Even though it seems unfair in the short term, the long term implications are just as bad. Firstly, artificially adjusting market prices leads to longer term inefficiencies. The profits missing from the banking sector will obstruct credit growth, and reduce the loss absorbtion capacity of the financial institutions. Secondly, favouring certain sectors create a ‘Dutch disease’-like situation, where (unnaturally) efficient sectors absorb capital and labour from the system, thus creating a headwind for other industries. Lastly, such political agendas obstruct creative-destruction in order to keep employment high and ‘reliable’ businessmen in leading positions. Unfortunately we are all dead in the long-run, as Keynes wisely concluded before, hence waiting for these trends to take effect might not worth the effort.

Capacity and despair

After Brexit the big money got it wrong again, and mispriced the odds of a Trump victory. The primary reason is that betting odds are ‘not democratic’, if one has ten times the money as the average it takes ten others to even up the odds. However, during the election/referendum the rich guy will still only worth one, he might be enough to give a false impression about chances and ‘public opinion’.

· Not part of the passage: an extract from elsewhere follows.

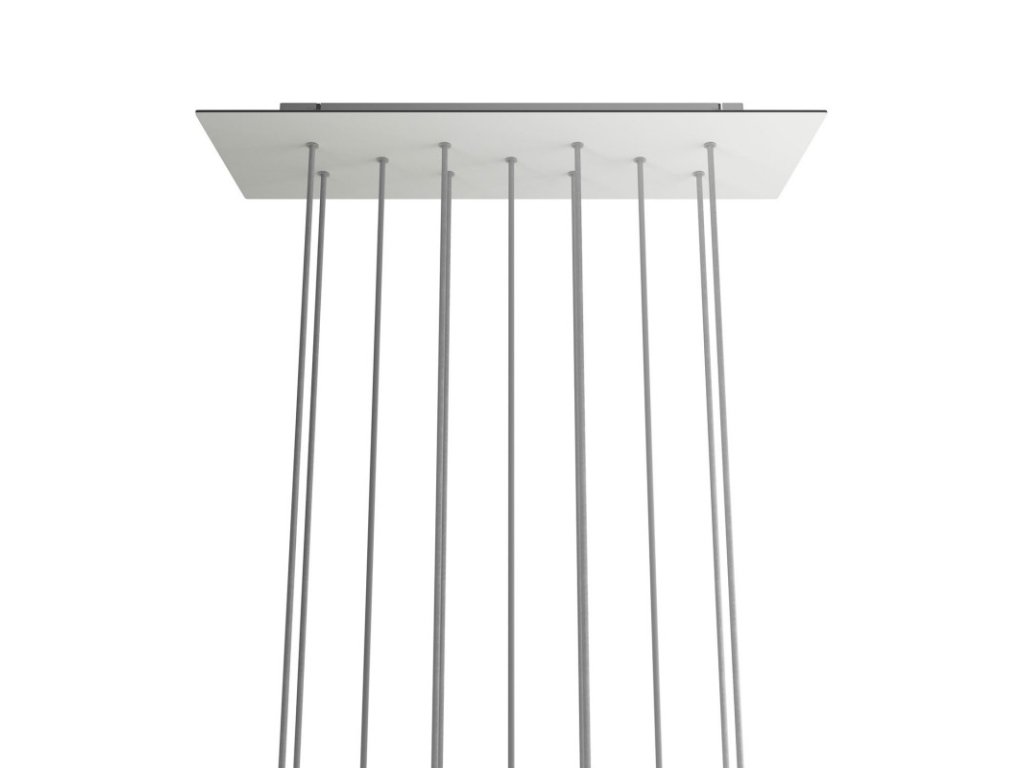 Rose-One je patentovaný systém stropných baldachýnov od Creative-Cables doplnený o skrytú káblovú priechodku, ktorý vám vďaka množstvu dostupných prvkov a dekorov umožňuje vytvoriť nápadité závesné lampy, ktoré budú presne podľa vášho štýlu. 11-otvorová obdĺžniková verzia je ideálna na vytvorenie viacerých závesov, ktoré sa dajú použiť nad schodiskom, nad veľkým jedálenským stolom, vo vnútri moderného podkrovného bytu. Stačí sa pohrať s dĺžkou ramien a veľkosťou a povrchovou úpravou žiaroviek. Vytvorte si závesné svietidlo svojich snov! Rose-One má bočné otvory, ktoré umožňujú sériové zapojenie viacerých baldachýnov, alebo zapojenie lampy od vzdialeného elektrického prívodu. Kryt stropného baldachýnu je vyrobený z hliníkového kompozitného panelu Dibond®, ktorý zaručuje nielen dizajnový zážitok, ale má aj vysokú odolnosť pri nízkej hmotnosti. Zvoľte si 11-otvorový obdĺžnikový XXL stropný baldachýn Rose-One systému a vytvorte si závesnú lampu podľa vašich predstáv: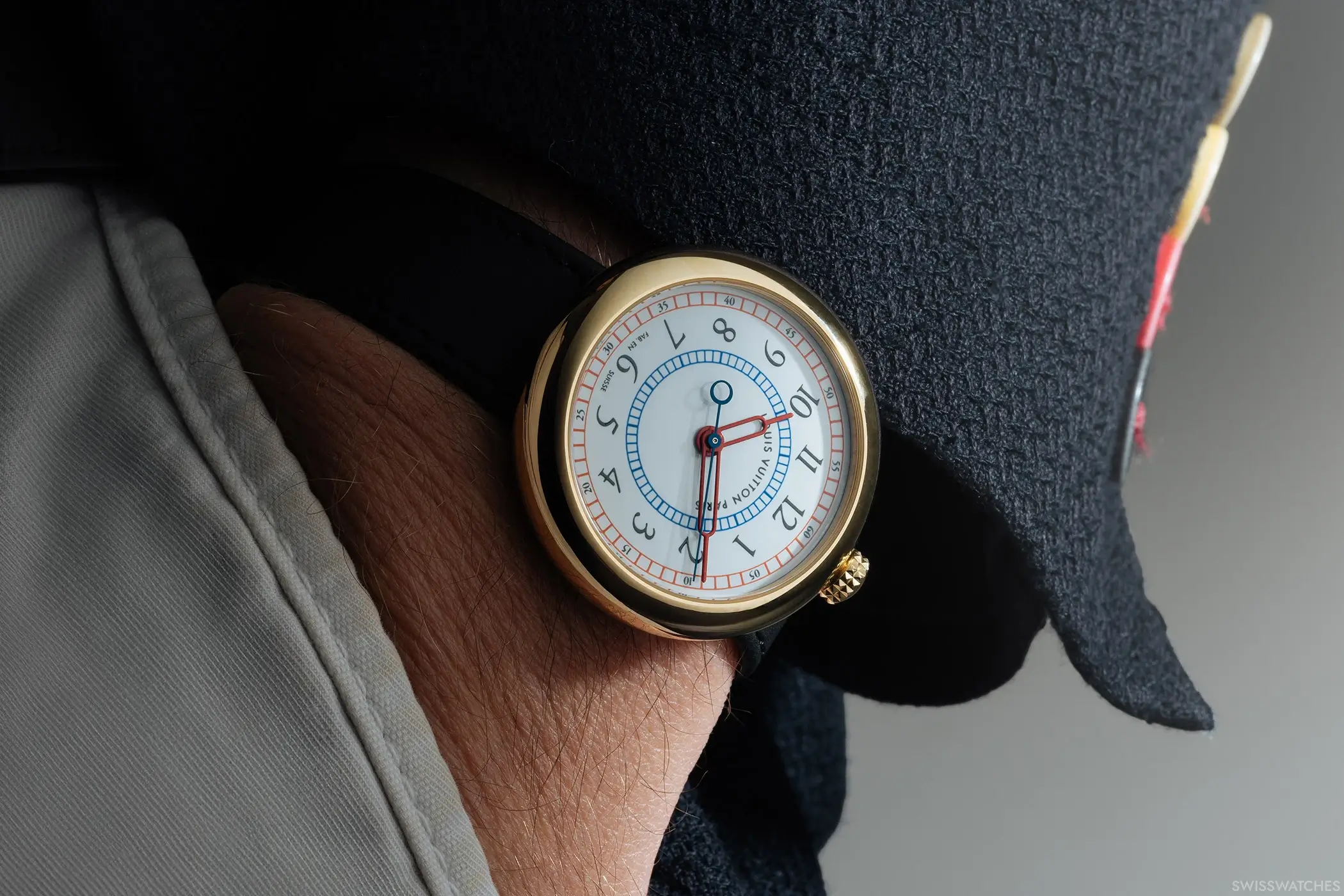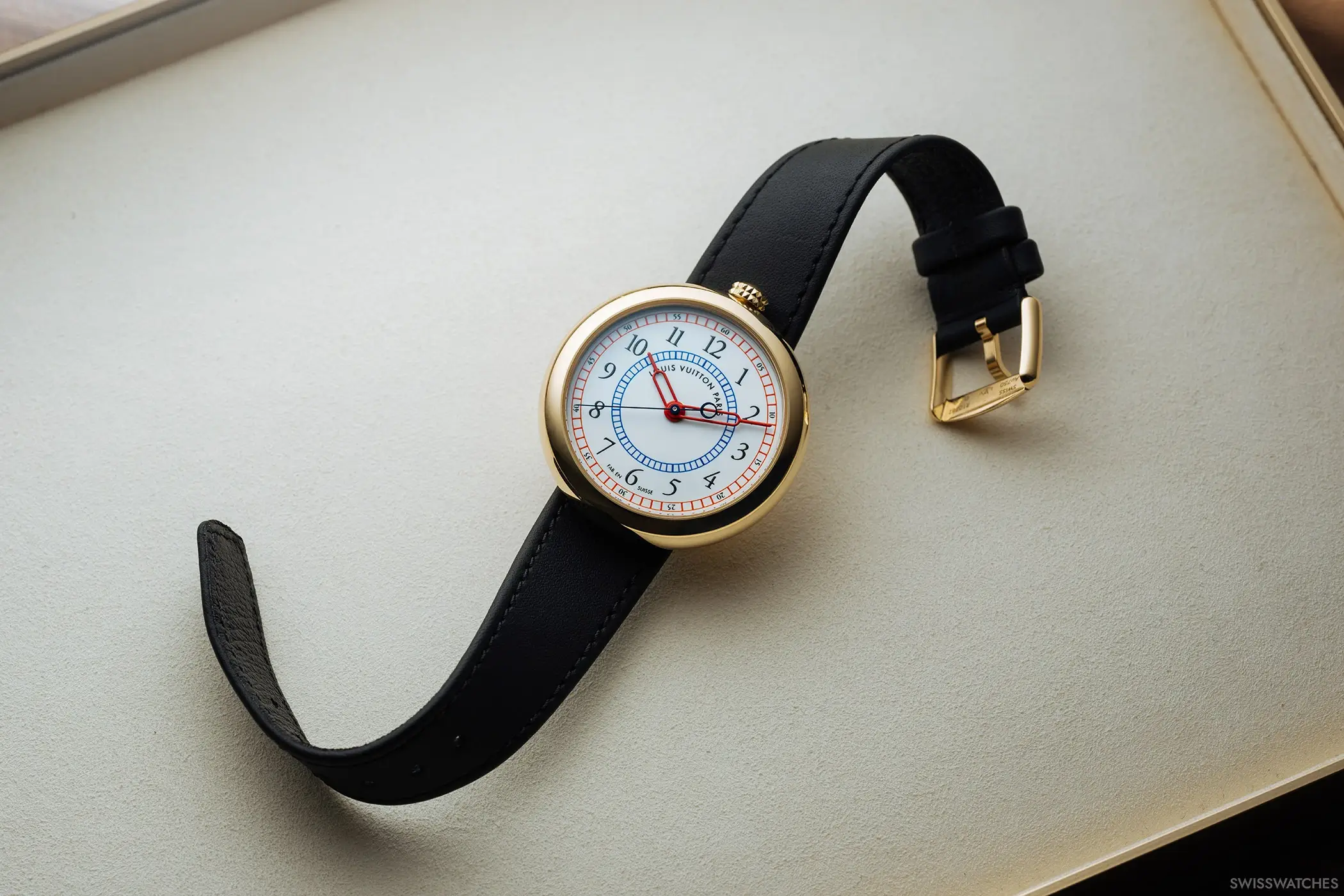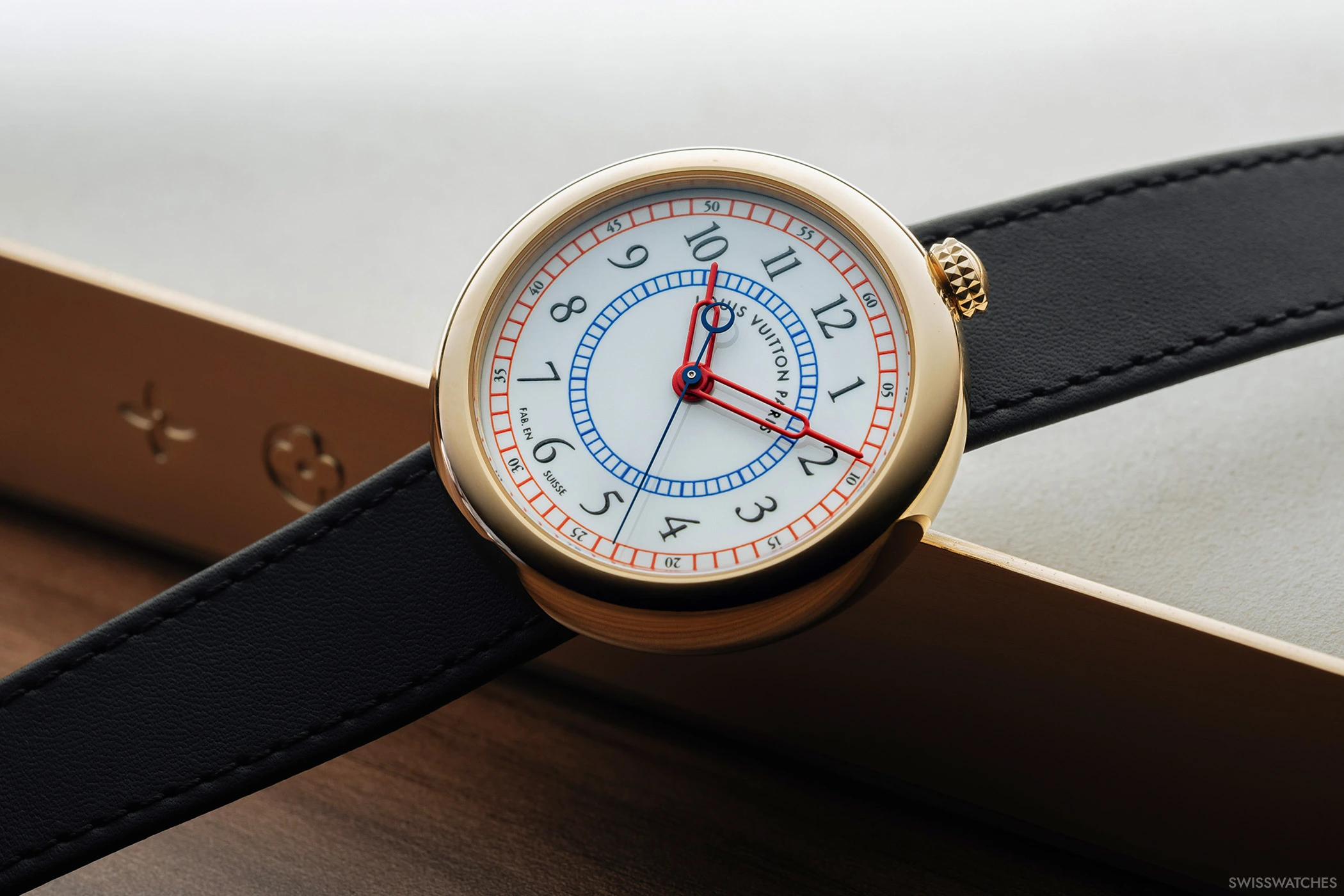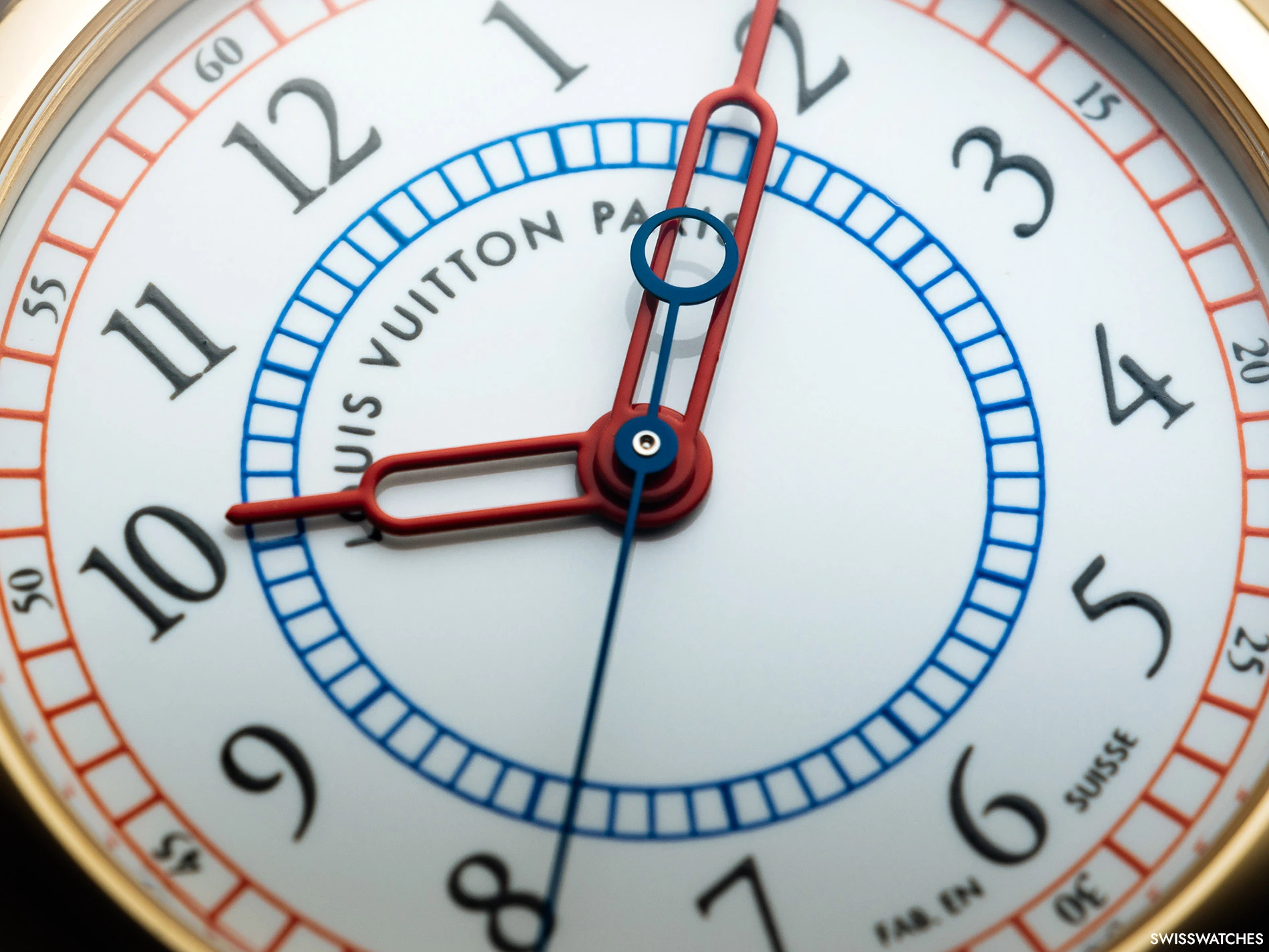 Die Farben finden sich auch in den passenden Zeigern aus Weißgold wieder – sie sind spritzenförmig und mit rotem Lack eingefasst – sowie in einem Sekundenzeiger aus gebläutem Stahl, die zusammen an die Originalmodelle erinnern. Die beiden Signaturen „FAB. EN SUISSE“ und, etwas prominenter, „LOUIS VUITTON PARIS“ runden das Zifferblatt ab und bekräftigen die doppelte Identität der Uhr: Schweizer Uhrmacherkunst und Pariser Stil.

“How could this have happened?” millions asked around the world after the results came in on the 9th of November. My short answer: capacity constraints.

Since the dawn of time and economics the workers had to compete with technology. Don’t get the wrong idea, this has nothing to do with capitalist institutions, or free trade, nor modern economics. There is only one ultimate goal here: produce more with the least possible effort made. Wheel, plow, sails, spinning jenny, just a couple of capital instruments which made tens of thousands people’s labour redundant (and the individual more efficient), but, over time, this spare capacity can be used in other sectors of the economy. Unfortunately, this restucturing and retraining can not happen overnight.

That was the capacity part, now lets see the constraint. Because of certain compensating effects capacity gains have to be mean reverting over time. If there is a sudden change in technological progress and the structure of the economy the pool of workers contributing will shrink rapidly, compensating for the efficiency gains. Redistribution will become more problematic, and the redundant workforce will advocate the return to the old world order.

This helplessness and despair are surfacing on nowaday’s political stage, and it seems to be gathering momentum, even if the idea goes against centuries of economic progression.